Data supplied
------------

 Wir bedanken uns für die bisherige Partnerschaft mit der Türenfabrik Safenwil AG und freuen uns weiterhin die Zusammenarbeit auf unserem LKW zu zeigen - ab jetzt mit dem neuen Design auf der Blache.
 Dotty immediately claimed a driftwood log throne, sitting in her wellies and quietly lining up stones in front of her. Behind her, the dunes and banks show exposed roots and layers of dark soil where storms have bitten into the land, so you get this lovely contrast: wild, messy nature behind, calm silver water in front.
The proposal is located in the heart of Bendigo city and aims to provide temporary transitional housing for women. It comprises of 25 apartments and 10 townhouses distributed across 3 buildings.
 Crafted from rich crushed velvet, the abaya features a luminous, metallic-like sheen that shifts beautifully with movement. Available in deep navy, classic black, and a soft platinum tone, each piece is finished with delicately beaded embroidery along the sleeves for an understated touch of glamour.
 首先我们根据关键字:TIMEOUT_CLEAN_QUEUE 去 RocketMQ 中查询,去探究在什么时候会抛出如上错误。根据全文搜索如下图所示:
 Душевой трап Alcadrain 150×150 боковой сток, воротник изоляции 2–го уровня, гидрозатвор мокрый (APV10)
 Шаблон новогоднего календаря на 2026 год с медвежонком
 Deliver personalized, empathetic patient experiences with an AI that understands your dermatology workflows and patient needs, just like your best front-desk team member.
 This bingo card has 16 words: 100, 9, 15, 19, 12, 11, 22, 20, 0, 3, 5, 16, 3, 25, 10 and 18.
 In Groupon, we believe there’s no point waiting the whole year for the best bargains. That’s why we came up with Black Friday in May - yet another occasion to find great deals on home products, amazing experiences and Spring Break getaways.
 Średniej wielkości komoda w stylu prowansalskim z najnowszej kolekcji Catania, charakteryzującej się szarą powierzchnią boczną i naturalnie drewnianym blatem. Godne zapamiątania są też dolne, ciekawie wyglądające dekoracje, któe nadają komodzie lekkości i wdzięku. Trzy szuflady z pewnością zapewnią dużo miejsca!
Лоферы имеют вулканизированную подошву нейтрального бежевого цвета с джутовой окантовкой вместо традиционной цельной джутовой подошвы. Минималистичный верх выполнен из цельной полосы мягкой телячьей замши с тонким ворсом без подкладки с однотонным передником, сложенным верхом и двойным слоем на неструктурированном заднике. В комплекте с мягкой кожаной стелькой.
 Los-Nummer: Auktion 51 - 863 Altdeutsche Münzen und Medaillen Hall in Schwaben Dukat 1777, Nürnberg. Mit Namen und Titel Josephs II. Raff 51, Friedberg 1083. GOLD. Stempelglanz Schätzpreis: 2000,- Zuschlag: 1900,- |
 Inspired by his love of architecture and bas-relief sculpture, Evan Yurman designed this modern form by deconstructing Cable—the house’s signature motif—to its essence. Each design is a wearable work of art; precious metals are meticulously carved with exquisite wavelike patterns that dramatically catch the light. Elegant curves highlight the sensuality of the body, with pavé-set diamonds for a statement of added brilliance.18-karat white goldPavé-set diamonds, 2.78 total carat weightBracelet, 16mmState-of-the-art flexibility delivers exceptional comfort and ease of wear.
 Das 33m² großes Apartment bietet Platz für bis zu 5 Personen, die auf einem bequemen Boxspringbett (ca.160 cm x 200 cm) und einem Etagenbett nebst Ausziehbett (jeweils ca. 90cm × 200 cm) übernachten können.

------------

What the task asks
Lines from the one holding "Średniej wielkości komoda" through the last line of the material are to be repeated exactly; no other lines belong in the answer.

Output for this task
 Średniej wielkości komoda w stylu prowansalskim z najnowszej kolekcji Catania, charakteryzującej się szarą powierzchnią boczną i naturalnie drewnianym blatem. Godne zapamiątania są też dolne, ciekawie wyglądające dekoracje, któe nadają komodzie lekkości i wdzięku. Trzy szuflady z pewnością zapewnią dużo miejsca!
Лоферы имеют вулканизированную подошву нейтрального бежевого цвета с джутовой окантовкой вместо традиционной цельной джутовой подошвы. Минималистичный верх выполнен из цельной полосы мягкой телячьей замши с тонким ворсом без подкладки с однотонным передником, сложенным верхом и двойным слоем на неструктурированном заднике. В комплекте с мягкой кожаной стелькой.
 Los-Nummer: Auktion 51 - 863 Altdeutsche Münzen und Medaillen Hall in Schwaben Dukat 1777, Nürnberg. Mit Namen und Titel Josephs II. Raff 51, Friedberg 1083. GOLD. Stempelglanz Schätzpreis: 2000,- Zuschlag: 1900,- |
 Inspired by his love of architecture and bas-relief sculpture, Evan Yurman designed this modern form by deconstructing Cable—the house’s signature motif—to its essence. Each design is a wearable work of art; precious metals are meticulously carved with exquisite wavelike patterns that dramatically catch the light. Elegant curves highlight the sensuality of the body, with pavé-set diamonds for a statement of added brilliance.18-karat white goldPavé-set diamonds, 2.78 total carat weightBracelet, 16mmState-of-the-art flexibility delivers exceptional comfort and ease of wear.
 Das 33m² großes Apartment bietet Platz für bis zu 5 Personen, die auf einem bequemen Boxspringbett (ca.160 cm x 200 cm) und einem Etagenbett nebst Ausziehbett (jeweils ca. 90cm × 200 cm) übernachten können.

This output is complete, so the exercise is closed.